Un socialismo sin impulso europeo, una Europa sin impulso socialista
El dirigente de IS empieza su análisis con una constatación que, desgraciadamente, no se puede menos que compartir. La izquierda reformista, encarnada en Europa por la familia de partidos socialistas, socialdemócratas, progresistas y laboristas, sufre una preocupante falta de definición en la construcción europea. El horizonte socialista para Europa, que en algunos momentos (con Willy Brandt, con François Mitterrand y Jacques Delors, con Felipe González, incluso con Romano Prodi) había sido un elemento central del proyecto socialdemócrata, lleva tiempo difuminándose y perdiendo impulso político. Ello no ha detenido el proceso de integración europea, que ha proseguido en los últimos años. Pero le ha hecho acentuar su carácter inercial y tecnocrático, abandonándose progresivamente a las dinámicas de las instituciones creadas, distanciándose de los ciudadanos y acomodándose a una versión descafeinada y rutinaria, cada vez más alejada de los valores y las ambiciones que orientaron sus primeros pasos.
La crisis que sacude Europa desde 2007-2008 ha puesto dramáticamente de manifiesto los límites y peligros de esta construcción europea en piloto automático. Pero unos y otros eran ya observables hace años: el naufragio del Tratado Constitucional en 2005, y el muy discutible reciclaje del texto en el (vigente) Tratado de Lisboa tras el “no” francés, holandés e irlandés, fue una señal inequívoca de su agotamiento. También de la creciente incapacidad de la izquierda europea para trascender los marcos nacionales-estatales y proyectarse en el tablero comunitario. Que era y sigue siendo, sin embargo, el único en el que la socialdemocracia puede posiblemente reformularse.
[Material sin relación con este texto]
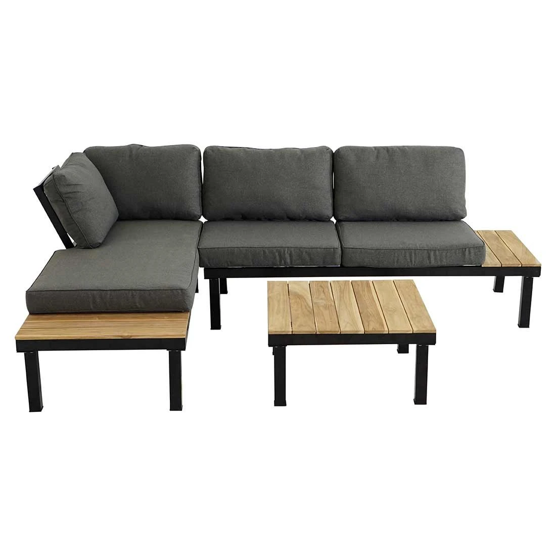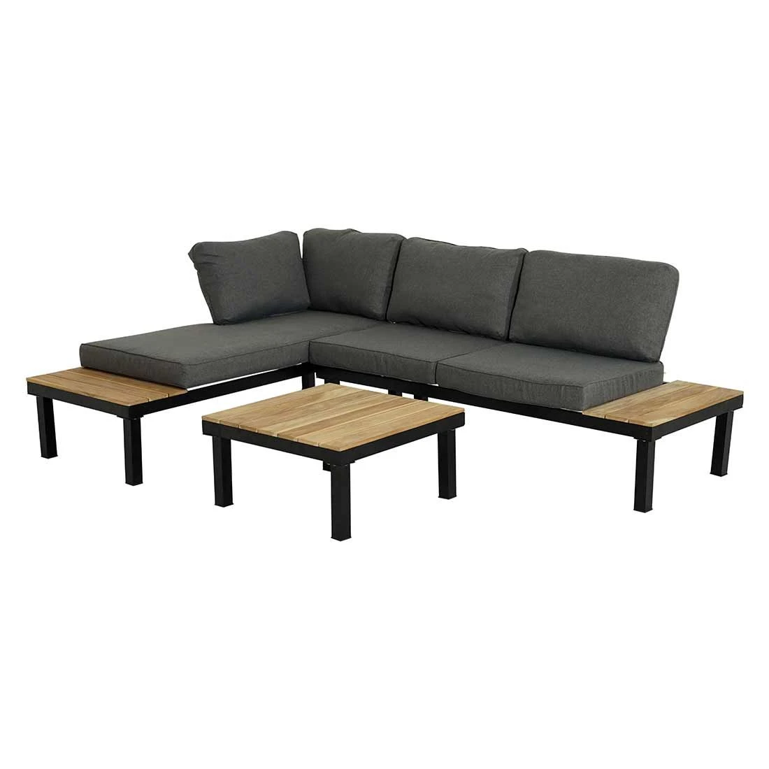 Für das Gestell und den Korpus kommt Aluminium zum Einsatz. Damit die Ecklounge optisch ansprechend ist, sind das Gestell und die Sitzfläche im Farbton Anthrazit gehalten. Die Sitzflächen werden aus Polyester gefertigt. Auch wenn diese Wind und Wetter trotzen, empfehlen wir die abnehmbaren Kissen bei länger andauernder Feuchtigkeit drinnen zu lagern. Die Tischplatte ist aus besonders schönem Akazienholz gefertigt und erzeugt dadurch ein Gefühl von Natürlichkeit. Passend zum Gesamtbild der Ecklounge begeistert die Tischplatte mit ihrer Farbgebung in Akazie Natur.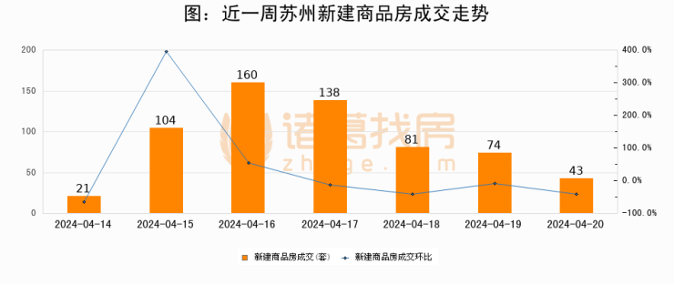 【苏州成交日报】04月20日新房成交43套、二手房22套;涨价房源199套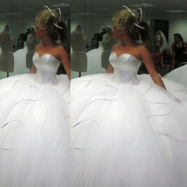 Big Poofy Sweetheart White Tulle Bridal Ball Gown Diamond Crystal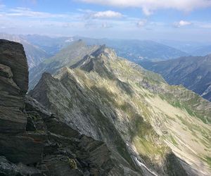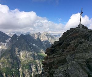 Ab hier gehts auf einem kleinen Steig markiert mit Steinmänchen weiter bis auf den SW-Grat vom Gigalitz (markanter Felszacken mit Marterl), es wird auf die andere Seite der Gratschneide gewechselt und man folgt den sehr steilen Serpentinen in Richtung Gipfel.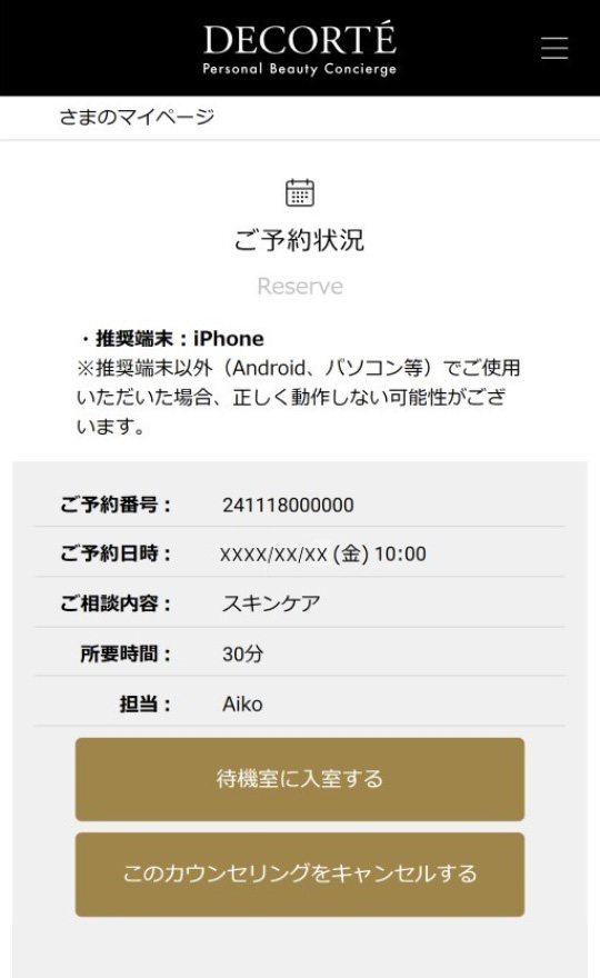 コスメデコルテ パーソナルビューティコンシェルジュマイページにログインします。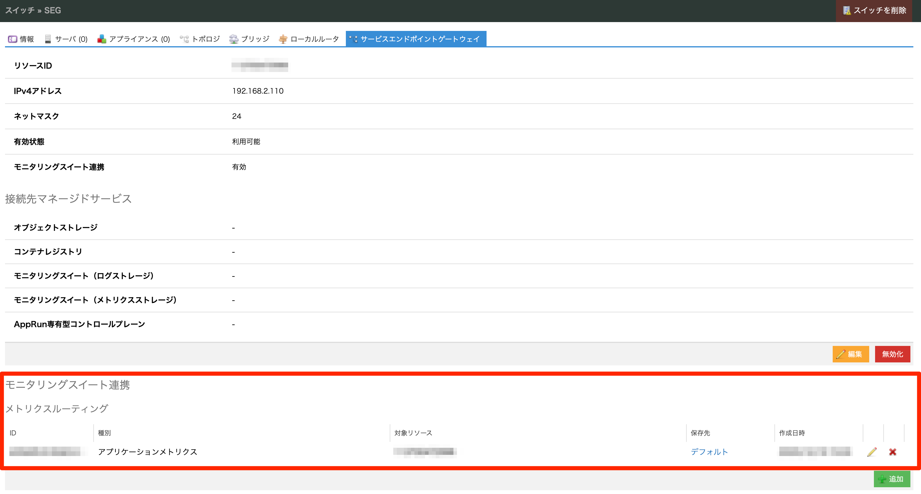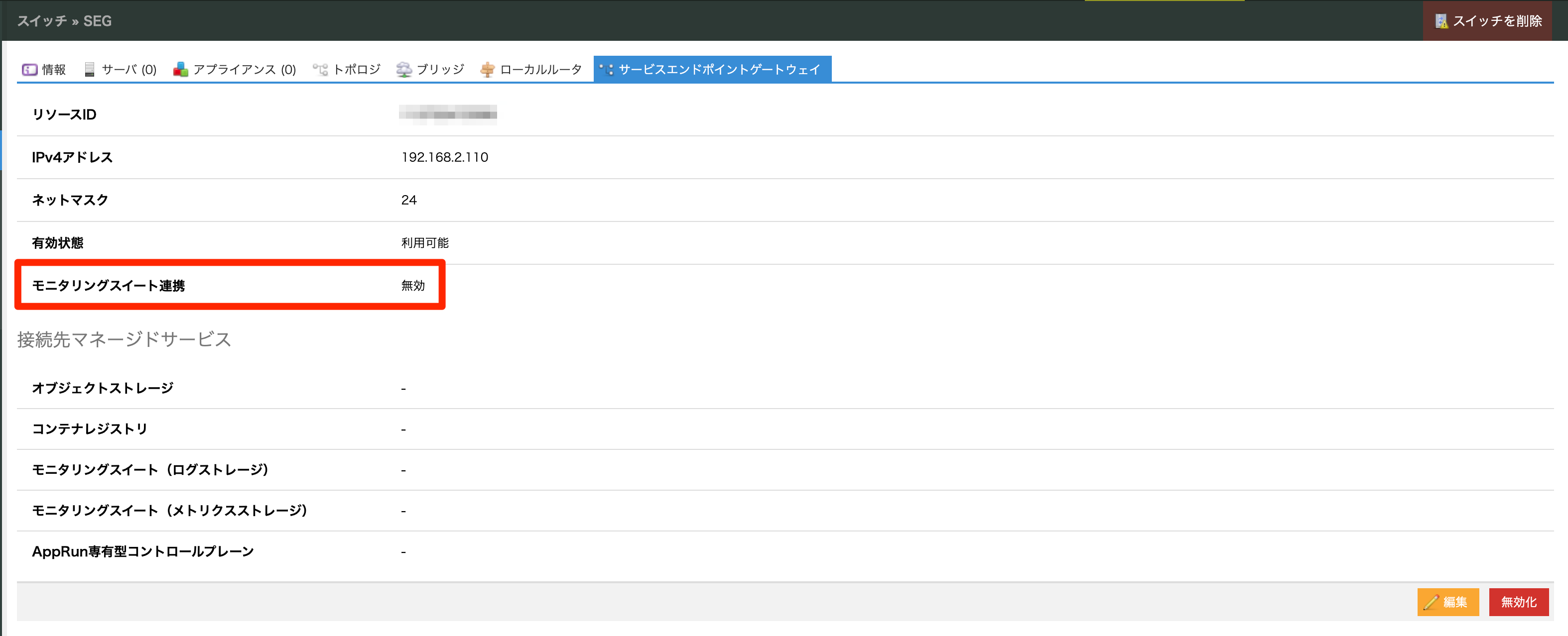 モニタリングスイート連携を有効化したいサービスエンドポイントゲートウェイが有効になっているスイッチをダブルクリックします。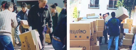 1995年1月17日に阪神・淡路大震災が発生した同年の9月、フェリシモは神戸に移転しました。震災直後の移転はまちと一体となって復旧・復興を行なっていく覚悟のあらわれでもありました。震災当時、全国のお客さまから被災した神戸に大変多くの支援と応援メッセージをいただきました。そこでフェリシモは毎月お客さまから100円をお預かりする「毎月100円義援金」を開始。6年間で4億円を超える基金が集まりました。それがお客さまとともにおこなう復興支援の礎となりました。さまざまな取り組みを通してみなさまとともに元気な神戸の街を取り戻すお手伝いをしてきました。その後も全国各地で災害が起きるたびにどのような支援が必要とされているのかをともに考え、ともに行動しています。神戸に移転して30年、みなさまとともに未来を築いていきます。

Pérez-Tapias acierta al señalar esa difuminación socialista, que dura ya décadas. Más discutible resulta que esta difuminación pueda o deba remediarse con un alineamiento incondicional con la gran coalición entre la “izquierda radical” (Syriza) y derecha nacionalista que gobierna Grecia. Y menos aún, con su gestión del referéndum y con la concepción de la soberanía, la Unión Europea y la democracia que subyace en ella. Ésa es la tesis subyacente en el razonamiento de buena parte de los críticos (interiores y exteriores) del PSOE en este terreno. Entre los riesgos que acechan a la familia socialista europea, en Grecia y en otros países de Europa, no es menor el de confundir las consecuencias del fracaso socialdemócrata –de las que las erupciones nacional-populistas a un lado y a otro del espectro político son buena muestra—con antídotos capaces de remediarlo, tanto en clave nacional como europea.
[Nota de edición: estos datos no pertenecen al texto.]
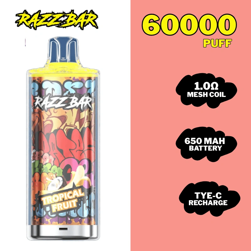 Construido para sesiones largas, el RAZZ BAR 60000 combina una estructura de doble tanque con una bobina de malla avanzada para mantener la entrega de sabor limpia y constante desde el primer puff hasta el último. La carcasa transparente y cristalina no solo resalta la construcción de alta calidad, sino que también permite a los usuarios verificar visualmente los niveles de e-líquido, reduciendo el uso indebido y las quejas de los clientes a nivel minorista.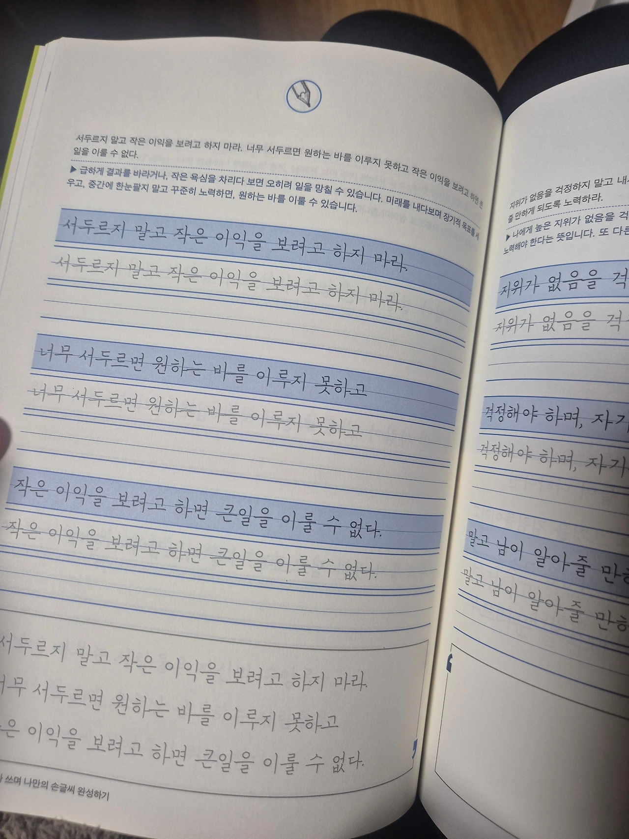 서가에서 여러 책들을 하나하나 펼쳐 보며 고르다가 선택한 것은 <악필 고치는 손글씨 연습>. 사실 제목보다 부제가 더 매력적이었다. '심한 악필: 믿음직하고 단정한 글씨'. 남편은 자신이 심한 악필까진 아니라며 사기를 주저했지만, 예쁜 글씨는 나중 문제고 일단 제대로 쓰는 게 먼저라며 남편을 설득했다.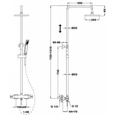 Opis produktu Teka Soller Dual Control zestaw prysznicowy ścienny termostatyczny z deszczownicą chrom 852780200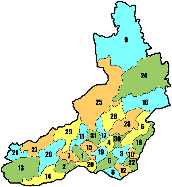 - 31 район, 3 из которых (Агинский, Дульдургинский и Могойтуйский) входят в Агинский Бурятский округ как административно-территориальную единицу с особым статусом.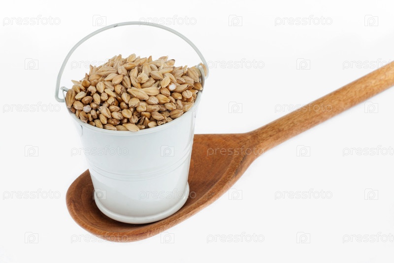 Полное ведро зерна ячменя стоит в деревянной ложке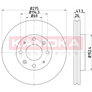 Einbauseite: Vorderachse | Bremsscheibenart: belüftet | Bremsscheibendicke [mm]: 26 | Lochkreis-Ø [mm]: 114 | Lochanzahl: 4 | Höhe [mm]: 47 | Zentrierungsdurchmesser [mm]: 69 | Oberfläche: beschichtet | Außendurchmesser [mm]: 275

Una defensa (relativa) de la actitud socialdemócrata
En particular, cuesta entender por qué deberían los socialistas haber apoyado el referéndum. Éste fue convocado de manera sorpresiva y con escasas garantías, en el transcurso de unas negociaciones que quedaron interrumpidas durante dos semanas, con grave daño para la economía griega. Como instrumento de presión, es dudoso que el gesto de fuerza haya reforzado –como decía pretender Tsipras—la posición negociadora griega, sobre todo a la vista del acuerdo recientemente alcanzado; sí parece claro que sirvió para apuntalar la (precaria) estabilidad de su coalición, pero a costa de evaporar bruscamente la mínima confianza que requieren unas negociaciones en curso. Como instrumento de consulta a la ciudadanía, y al margen de las severas dudas que emitió el Consejo de Europa sobre sus credenciales democráticas (tanto por la premura de su organización, como por la escasa claridad de la cuestión sometida a voto), habría que preguntarse, habida cuenta de la evolución posterior de los acontecimientos, qué es lo que decidieron exactamente los griegos con su votación, y en qué condicionó –si condicionó de alguna manera—su “no” masivo a las decisiones posteriores del gobierno que les convocó. Si no lo hizo, habrá que concluir que el referéndum no tenía que ver con la democracia, sino con otra clase de cálculos – no necesariamente acertados.
Hay una objeción más fundamental. Para defender seriamente el recurso griego al referéndum desde una perspectiva europea, habría que considerar también el posible recurso al referéndum por parte los demás socios que estaban sobre la mesa. Por ejemplo, los alemanes o los holandeses, por citar algunos de los socios-acreedores más reticentes a un nuevo rescate. Y no es difícil aventurar qué habría pasado si Angela Merkel o Mark Rutte hubieran llevado la propuesta del 25 de junio a referéndum ante sus respectivos electorados, y se hubieran escudado en las previsibles negativas para cegar cualquier nueva vía de asistencia financiera a Grecia. ¿Es esta operativa suicida la que los socialistas deberían aplaudir como muestra de coraje, europeísmo y democracia? ¿La dejación de responsabilidades políticas y el uso espurio de las urnas para bloquear la construcción de una Unión sostenible y solidaria? La proliferación de referéndums que hubieran abortado la posibilidad de un acuerdo, en un contexto marcado por el enconamiento de las opiniones públicas, habría sido una muestra imperdonable de cinismo y una gravísima irresponsabilidad política, una forma de adulterar los mecanismos democráticos y volverlos contra sí mismos, poniéndolos al servicio de la demolición de una unidad europea que sigue siendo extremadamente frágil. No es raro que los aplausos a la iniciativa de Tsipras hayan venido principalmente de las formaciones antieuropeas y ultraderechistas del Continente, del FN francés al UKIP británico: en la generalización del proceder griego reside uno de los riesgos de disolución del espacio democrático europeo.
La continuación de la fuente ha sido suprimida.